PROJECT SUMMARY/ABSTRACT
End stage kidney disease (ESKD) due to diabetes continues to rise despite improvements in glycemic control
and widespread treatment with reno-protective drugs. A more complete understanding of the mechanisms
responsible for the progressive decline in kidney function is urgently needed to identify new, more efficacious
methods of treatment and prevention of ESKD in diabetes. By studying diabetic patients with advanced kidney
disease with proteinuria and CKD=3, we obtained two novel findings related to progression to ESKD in both T1D
and T2D. Using follow-up data from two independent cohorts and global miRNAs platform, we found a specific
profile of plasma miRNAs strongly associated with progression to ESKD. These miRNAs specifically targeted
axon guidance pathway (AGP) proteins. Strikingly, circulating levels of 6 AGP proteins (two ligands EFNA4,
EFN5 and 4 receptors EPHA2, EPHB2, EPHB6, UNC5C) were very strongly associated with the extent of kidney
structural lesions in the T2D Pima Indian cohort and progression to ESKD in four independent cohorts. Our
findings are the first to implicate circulating AGP proteins in the progression to ESKD in diabetes.

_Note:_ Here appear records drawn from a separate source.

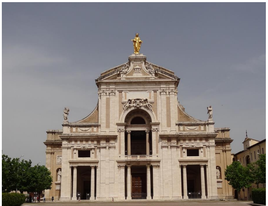
Basilica Santa Maria degli Angeli - Assisi
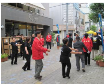
みんな一緒に踊りましょう♪
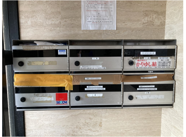
6.集合ポスト・看板
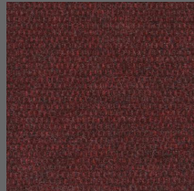
802 - Red
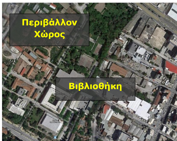
Εικόνα 1: Περιοχή Παρέμβασης

Η περιοχή υλοποίησης των παρεμβάσεων παρουσιάζεται στην παρακάτω εικόνα με επισήμανση των παραπάνω χώρων.
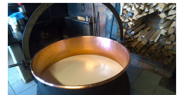
Alp Heubühlen
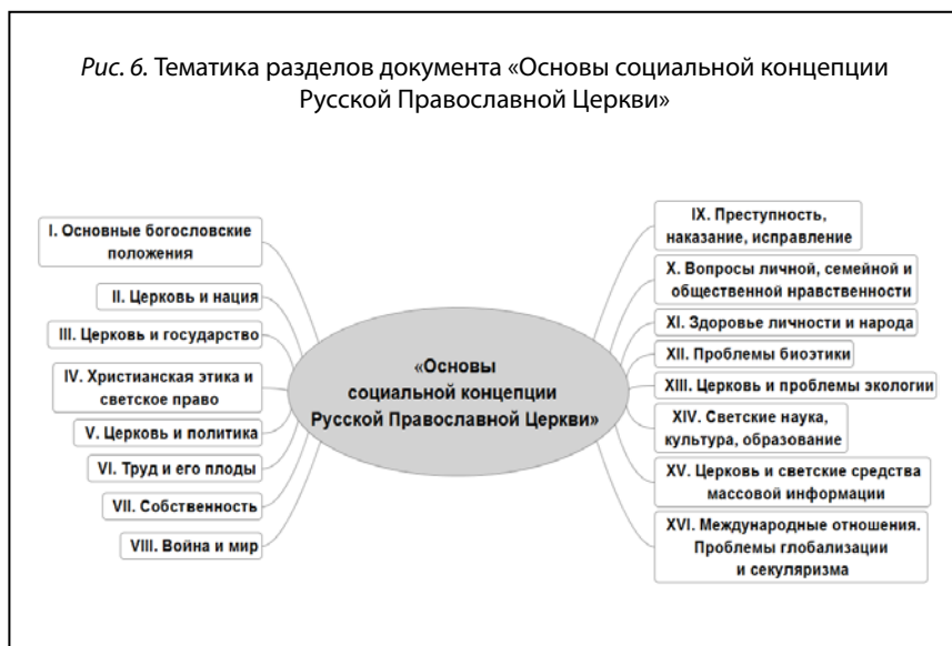
Рис. 6. Тематика разделов документа «Основы социальной концепции Русской Православной Церкви»

4 февраля 2011 г. Архиерейским Собором Русской Православной Церкви был принят документ, регламентирующий развитие православ-
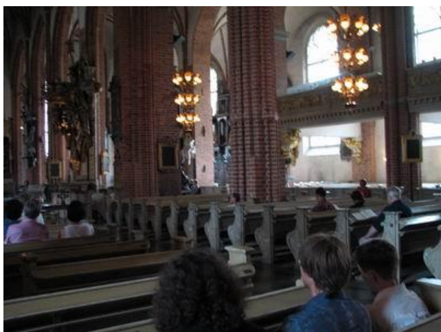
Фото 1. Храм св. Николая (Стокгольм)

матся вверх по великолепной лестнице, ведущей к фасаду церкви и лавировать между людьми, сидящими на ступеньках, поющими, играющими, пьющими различные напитки или просто глядящими на панораму вечернего Парижа.
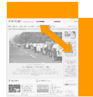
Tandem Ad (Kombination von Standardwerbeformen)
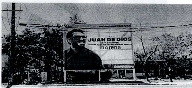
Carretera Los Mochis- Culiacán frente al monumento a Cuauhtémoc en la glorieta del mismo nombre del lado poniente.

43. Para demostrar la veracidad de sus afirmaciones el partido actor aporta como pruebas cuatro impresiones fotográficas, las cuales se insertan a continuación:
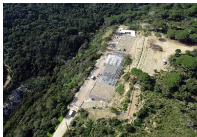
La toiture en partie végétalisée avec des espèces locales, complète l'intégration.

Par ailleurs, pour des raisons d'accès (la route est très étroite), tous les panneaux préfabriqués du « sarcophage » ont été coulés sur le chantier.
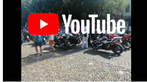
Tante e belle motociclette domenica a Mirandola.
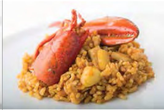
RIZ AU HOMARD
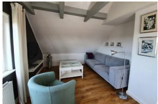
Das großzügige und modern eingerichtete Wohnzimmer für gemeinsame Urlaubsstunden.

Herzlich willkommen im "Haus zur See". Mit ihrer hellen und modernen Einrichtung, sowie auch der schönen Aussicht aus dem 2. OG bietet die Dachgeschosswohnung den geeigneten Platz um Ihre Urlaubstage zu genießen. Der beliebte Südstrand ist weniger als 300 m entfernt. In der gleichen Entfernung finden Sie auch einen kleinen Supermarkt, einen Bäcker und zahlreiche Restaurants. Sollten sie trotz der kurzen Wege nicht auf Ihren PKW verzichten wollen können Sie gerne die hauseigene Stellplätze nutzen.
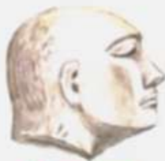
Глиняная голова. Шестаковский курган

Таштыкская эпоха заканчивается в V веке.
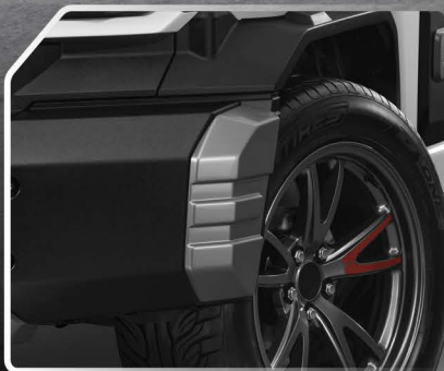
ชุดตกแต่งมุมกันชนหน้า
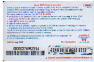
1XA10-R/ CSDP Lug 09 retro
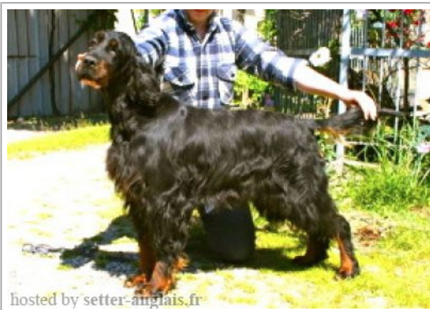
hosted by setter-anglais.fr

2009-08-05 (F) LOF 6/697 Dyspl. : A fiche affixe

To follow-up these findings, we propose a multi-disciplinary study to assess the role of the AGP proteins in the
development of early progressive kidney functional decline (PKFD) and learn about mechanisms through which
circulating AGP may damage the kidney. Three complementary studies are proposed. Dr. Krolewski’s lab will
examine whether elevated levels of two exemplars of AGP proteins EFNA4 and EPHA2 are associated/causally
related to the development of early PKFD. Dr. Kretzler’s lab will examine how circulating levels of the AGP
proteins may impact candidate etiological pathways in kidney cells. Dr. Korstanje’s lab will examine whether
genetic manipulation of circulating levels of EFNA4 and EPHA2 in mice models of diabetes lead to onset of
diabetic kidney disease. The proposed research has the following specific aims:
Aim #1: We will examine the effect of variation of circulating levels of the candidate miRNAs and AGP proteins
examined at baseline in the two nested cases-control studies of T1D patients with Normo-Alb (n=390) and Micro-
Alb (n=430) on risk of early PKFD during 7-15 years of follow-up. Aim #2: We will examine the link between
circulating levels of the candidate AGP proteins and dysregulation of candidate etiological pathways using single
cell RNA sequencing results obtained from research kidney biopsies from Pima Indians with T2D. Aim #3: We
will test EPHA2 and EFNA4 for their ability to modify renal phenotypes in a diabetic mouse model and test
whether miR-328-5p and miR-339-5p, which are both downregulated during progression to ESKD and have
orthologs in the mouse, can affect the impact of these AGP proteins on diabetic kidney disease.
The proposed research has a very high probability of generating novel findings. Its success is assured by the
fact that the co-investigators have a track record of collaboration, and study cohorts and biobanks of specimens
from all members of the Joslin Kidney Study and Pima Indian Kidney Study are available.